There’s a lot of discussion in the developer community about AI-assisted coding. People are worried that existing skills will atrophy. They’re concerned that we senior developers are pulling up the ladder behind us, leaving the entry-level job market in dire shape. How are new coders supposed to build the skills and experience necessary to wield these powerful tools properly? To say nothing of the ethical implications of the models and AI companies themselves, or the potential long-term consequences.
Many open-source projects are drowning under a flood of contributions of dubious value. More than a few technology companies are cynically using this moment to fire thousands of people, citing the efficiency gains from AI despite the fact that the utility of LLMs is outstripped by their marketing.
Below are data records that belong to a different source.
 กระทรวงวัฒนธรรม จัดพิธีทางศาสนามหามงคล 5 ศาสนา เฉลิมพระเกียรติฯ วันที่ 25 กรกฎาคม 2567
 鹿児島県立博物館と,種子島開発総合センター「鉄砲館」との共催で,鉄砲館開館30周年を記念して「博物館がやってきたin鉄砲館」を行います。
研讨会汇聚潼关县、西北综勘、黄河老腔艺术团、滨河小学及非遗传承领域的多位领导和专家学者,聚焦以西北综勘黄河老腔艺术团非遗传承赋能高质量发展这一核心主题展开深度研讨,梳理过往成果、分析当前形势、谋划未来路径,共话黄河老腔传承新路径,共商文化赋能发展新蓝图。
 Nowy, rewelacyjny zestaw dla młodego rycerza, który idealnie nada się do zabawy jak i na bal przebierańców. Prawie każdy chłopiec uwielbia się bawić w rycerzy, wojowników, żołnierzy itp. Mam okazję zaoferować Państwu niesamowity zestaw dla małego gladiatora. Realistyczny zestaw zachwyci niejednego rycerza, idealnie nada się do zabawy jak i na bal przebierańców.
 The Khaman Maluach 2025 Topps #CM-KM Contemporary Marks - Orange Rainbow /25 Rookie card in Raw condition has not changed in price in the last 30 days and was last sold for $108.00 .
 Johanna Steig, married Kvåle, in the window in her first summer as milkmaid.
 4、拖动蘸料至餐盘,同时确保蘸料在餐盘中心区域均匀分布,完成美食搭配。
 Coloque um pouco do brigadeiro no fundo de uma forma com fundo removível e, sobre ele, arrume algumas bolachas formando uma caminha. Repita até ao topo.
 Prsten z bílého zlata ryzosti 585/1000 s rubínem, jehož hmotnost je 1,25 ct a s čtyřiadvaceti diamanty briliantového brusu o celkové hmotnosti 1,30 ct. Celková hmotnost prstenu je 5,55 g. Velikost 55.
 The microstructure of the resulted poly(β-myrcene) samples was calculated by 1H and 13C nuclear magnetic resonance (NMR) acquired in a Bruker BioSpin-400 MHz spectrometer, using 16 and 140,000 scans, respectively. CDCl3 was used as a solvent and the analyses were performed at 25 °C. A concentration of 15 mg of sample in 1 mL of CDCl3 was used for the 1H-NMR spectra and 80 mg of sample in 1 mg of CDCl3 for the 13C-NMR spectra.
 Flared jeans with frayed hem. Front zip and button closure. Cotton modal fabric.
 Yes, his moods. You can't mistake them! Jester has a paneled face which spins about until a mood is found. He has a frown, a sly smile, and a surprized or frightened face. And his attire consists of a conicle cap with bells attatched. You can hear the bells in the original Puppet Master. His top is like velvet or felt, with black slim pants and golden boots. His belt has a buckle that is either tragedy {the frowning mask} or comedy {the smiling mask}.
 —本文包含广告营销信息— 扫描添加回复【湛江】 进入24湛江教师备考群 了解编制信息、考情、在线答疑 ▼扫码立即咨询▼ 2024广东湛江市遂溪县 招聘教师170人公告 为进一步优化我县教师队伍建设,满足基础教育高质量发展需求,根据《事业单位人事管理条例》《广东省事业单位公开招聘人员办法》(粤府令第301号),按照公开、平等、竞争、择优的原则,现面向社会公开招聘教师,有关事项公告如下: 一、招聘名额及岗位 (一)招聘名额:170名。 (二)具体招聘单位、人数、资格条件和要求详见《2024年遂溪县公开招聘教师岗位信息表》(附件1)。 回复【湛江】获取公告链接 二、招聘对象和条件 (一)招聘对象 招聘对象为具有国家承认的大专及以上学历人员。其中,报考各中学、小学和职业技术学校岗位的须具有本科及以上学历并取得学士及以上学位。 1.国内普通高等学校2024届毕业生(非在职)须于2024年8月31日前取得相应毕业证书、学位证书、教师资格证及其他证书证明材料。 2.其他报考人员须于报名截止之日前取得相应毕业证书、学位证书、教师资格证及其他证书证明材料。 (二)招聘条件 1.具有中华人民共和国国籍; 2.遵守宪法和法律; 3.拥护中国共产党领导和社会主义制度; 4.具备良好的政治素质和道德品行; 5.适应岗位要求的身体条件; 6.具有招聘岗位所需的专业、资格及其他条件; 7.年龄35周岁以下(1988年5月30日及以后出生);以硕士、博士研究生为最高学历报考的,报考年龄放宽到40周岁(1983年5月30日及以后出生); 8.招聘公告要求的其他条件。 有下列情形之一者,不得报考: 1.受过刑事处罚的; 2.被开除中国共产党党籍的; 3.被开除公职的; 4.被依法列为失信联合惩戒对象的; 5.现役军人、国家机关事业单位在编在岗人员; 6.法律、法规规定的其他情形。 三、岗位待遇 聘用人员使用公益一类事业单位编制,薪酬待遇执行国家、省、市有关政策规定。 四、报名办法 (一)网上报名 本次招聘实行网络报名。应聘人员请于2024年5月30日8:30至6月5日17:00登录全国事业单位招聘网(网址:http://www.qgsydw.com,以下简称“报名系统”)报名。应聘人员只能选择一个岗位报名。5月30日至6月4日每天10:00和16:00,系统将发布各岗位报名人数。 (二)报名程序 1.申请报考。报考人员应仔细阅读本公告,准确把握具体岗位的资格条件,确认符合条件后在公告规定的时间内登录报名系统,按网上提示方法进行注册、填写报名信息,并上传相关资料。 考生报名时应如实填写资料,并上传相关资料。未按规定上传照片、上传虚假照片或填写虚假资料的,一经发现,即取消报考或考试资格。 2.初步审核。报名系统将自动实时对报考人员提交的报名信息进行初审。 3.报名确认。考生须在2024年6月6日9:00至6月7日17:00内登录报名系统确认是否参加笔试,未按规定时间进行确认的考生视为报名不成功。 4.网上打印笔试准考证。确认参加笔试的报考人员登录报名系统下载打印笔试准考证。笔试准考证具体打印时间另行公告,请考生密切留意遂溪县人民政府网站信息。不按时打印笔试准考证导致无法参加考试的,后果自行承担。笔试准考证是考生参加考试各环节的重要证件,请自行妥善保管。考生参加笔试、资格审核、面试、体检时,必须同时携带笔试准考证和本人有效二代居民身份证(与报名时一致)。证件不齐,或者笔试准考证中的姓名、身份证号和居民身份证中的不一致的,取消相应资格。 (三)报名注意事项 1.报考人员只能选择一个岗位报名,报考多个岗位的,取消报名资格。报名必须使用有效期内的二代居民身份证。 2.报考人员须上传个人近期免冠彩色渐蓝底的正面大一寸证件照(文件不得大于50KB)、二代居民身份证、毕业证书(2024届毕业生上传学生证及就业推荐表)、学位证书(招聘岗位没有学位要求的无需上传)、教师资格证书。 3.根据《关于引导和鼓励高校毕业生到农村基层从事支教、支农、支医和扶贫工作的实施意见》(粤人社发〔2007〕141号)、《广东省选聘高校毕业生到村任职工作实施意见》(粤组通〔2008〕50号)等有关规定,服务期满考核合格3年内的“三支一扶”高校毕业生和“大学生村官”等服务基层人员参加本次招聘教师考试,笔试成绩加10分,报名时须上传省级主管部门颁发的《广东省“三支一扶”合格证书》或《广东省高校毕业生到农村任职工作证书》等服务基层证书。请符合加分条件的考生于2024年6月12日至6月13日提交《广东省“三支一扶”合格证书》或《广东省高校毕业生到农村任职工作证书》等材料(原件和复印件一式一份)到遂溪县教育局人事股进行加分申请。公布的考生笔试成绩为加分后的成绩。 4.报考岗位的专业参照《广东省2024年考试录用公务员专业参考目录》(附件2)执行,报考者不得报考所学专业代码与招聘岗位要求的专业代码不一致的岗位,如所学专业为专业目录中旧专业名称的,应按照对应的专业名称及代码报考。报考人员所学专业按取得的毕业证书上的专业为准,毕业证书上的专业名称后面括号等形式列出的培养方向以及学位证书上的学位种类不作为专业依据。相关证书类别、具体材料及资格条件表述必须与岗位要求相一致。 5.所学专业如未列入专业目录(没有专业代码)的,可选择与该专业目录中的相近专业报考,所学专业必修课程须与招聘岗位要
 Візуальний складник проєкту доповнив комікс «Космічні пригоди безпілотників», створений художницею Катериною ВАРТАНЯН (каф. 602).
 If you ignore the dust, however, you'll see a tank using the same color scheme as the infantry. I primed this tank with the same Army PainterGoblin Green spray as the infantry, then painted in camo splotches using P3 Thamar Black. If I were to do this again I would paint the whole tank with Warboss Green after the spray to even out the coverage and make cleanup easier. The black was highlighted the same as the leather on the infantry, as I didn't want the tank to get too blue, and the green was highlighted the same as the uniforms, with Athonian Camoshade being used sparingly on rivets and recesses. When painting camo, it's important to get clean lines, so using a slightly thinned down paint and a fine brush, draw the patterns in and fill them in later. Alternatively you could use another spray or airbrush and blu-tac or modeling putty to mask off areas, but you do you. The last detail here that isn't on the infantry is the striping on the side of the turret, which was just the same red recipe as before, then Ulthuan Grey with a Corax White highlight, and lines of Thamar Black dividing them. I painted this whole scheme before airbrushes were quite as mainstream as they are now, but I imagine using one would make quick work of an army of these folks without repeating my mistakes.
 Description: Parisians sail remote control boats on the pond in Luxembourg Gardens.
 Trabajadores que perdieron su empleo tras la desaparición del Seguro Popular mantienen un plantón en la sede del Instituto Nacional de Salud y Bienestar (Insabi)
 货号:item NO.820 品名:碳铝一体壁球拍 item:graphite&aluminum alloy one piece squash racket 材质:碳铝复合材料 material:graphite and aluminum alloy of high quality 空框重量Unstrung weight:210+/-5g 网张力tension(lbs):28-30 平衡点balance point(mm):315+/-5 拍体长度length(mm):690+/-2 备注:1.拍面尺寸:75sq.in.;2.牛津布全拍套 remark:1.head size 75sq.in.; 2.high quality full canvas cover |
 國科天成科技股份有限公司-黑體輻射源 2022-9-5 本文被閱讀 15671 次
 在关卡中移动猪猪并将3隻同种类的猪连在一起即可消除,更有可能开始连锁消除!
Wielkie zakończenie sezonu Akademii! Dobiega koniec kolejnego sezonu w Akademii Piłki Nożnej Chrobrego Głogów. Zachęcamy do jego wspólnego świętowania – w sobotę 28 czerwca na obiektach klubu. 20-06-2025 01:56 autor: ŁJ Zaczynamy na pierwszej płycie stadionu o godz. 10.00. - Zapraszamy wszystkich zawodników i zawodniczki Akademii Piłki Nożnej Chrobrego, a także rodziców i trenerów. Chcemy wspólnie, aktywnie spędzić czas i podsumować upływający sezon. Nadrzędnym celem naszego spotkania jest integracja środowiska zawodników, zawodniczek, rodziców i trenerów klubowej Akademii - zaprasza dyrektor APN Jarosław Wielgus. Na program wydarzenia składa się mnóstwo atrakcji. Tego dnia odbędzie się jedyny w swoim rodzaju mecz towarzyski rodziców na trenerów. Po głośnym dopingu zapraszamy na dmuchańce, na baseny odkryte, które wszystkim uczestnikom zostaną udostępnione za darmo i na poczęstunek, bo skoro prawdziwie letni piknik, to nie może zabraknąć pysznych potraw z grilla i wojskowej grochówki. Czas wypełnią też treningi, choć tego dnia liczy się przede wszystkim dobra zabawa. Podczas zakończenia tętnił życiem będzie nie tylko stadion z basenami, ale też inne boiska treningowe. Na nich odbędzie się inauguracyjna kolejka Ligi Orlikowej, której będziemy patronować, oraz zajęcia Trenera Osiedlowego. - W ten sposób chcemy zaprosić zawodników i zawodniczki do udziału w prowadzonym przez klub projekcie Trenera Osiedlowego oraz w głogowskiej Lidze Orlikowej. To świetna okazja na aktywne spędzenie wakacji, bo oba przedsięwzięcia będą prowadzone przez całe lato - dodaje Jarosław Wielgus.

People also mourn the loss of the art and craft of programming. Can you take genuine pride in something you didn’t build yourself? What do you lose in the process? LLM-generated code can be incoherent and unmaintainable. What’s the cost of creating software that way? What are the implications of building with unfamiliar software components without needing to learn how to use them?
I share many of these feelings and worries, and I try my best to apply discernment and caution when I use any AI technology.
People are also thrilled by these new superpowers, both novices and graybeards alike. They are unleashing their imaginations to create things that were well beyond their reach only a few short months ago. Hobbyists are scratching itches with hand-built code and just having fun with games and toys. Professionals are accelerating their work, teaching themselves new skills, improving code quality and security, prototyping and testing ideas for effectively zero cost.
I also have some of the same optimism. This moment has opened up my career in ways I could have never anticipated. One of the reasons I got into computer science was because I knew I’d never stop learning. That’s as true today as it was in 1992, when I declared my CS major, and 1983, when I wrote my first BASIC program.
It’s dizzying to have so many opinions that span such a huge gamut. I’m constantly challenging assumptions and re-evaluating old positions. It’s exhausting when it’s not thrilling or terrifying.
We’ve only just begun.
In my first blog post, not much more than a year ago, I expressed similar feelings to those in this post. In AI terms, an entire era has passed. I don’t think my overall trajectory has changed, which is comforting with so much turbulence around me.
Over the past year, I’ve completed several projects using Claude Code. I know I’ll continue to learn how to use AI for coding and other work. I’ll continue to wrestle with all my conflicting thoughts and emotions, and continue to be overwhelmed by the scope and pace of its development.
I continue to believe that LLMs are overhyped. I’m also sure that we’ll be able to do more and more with them, and that they’ll continue to advance in coding capabilities.
I’ve certainly gotten my wish from all those years ago: I’ll always have more to learn.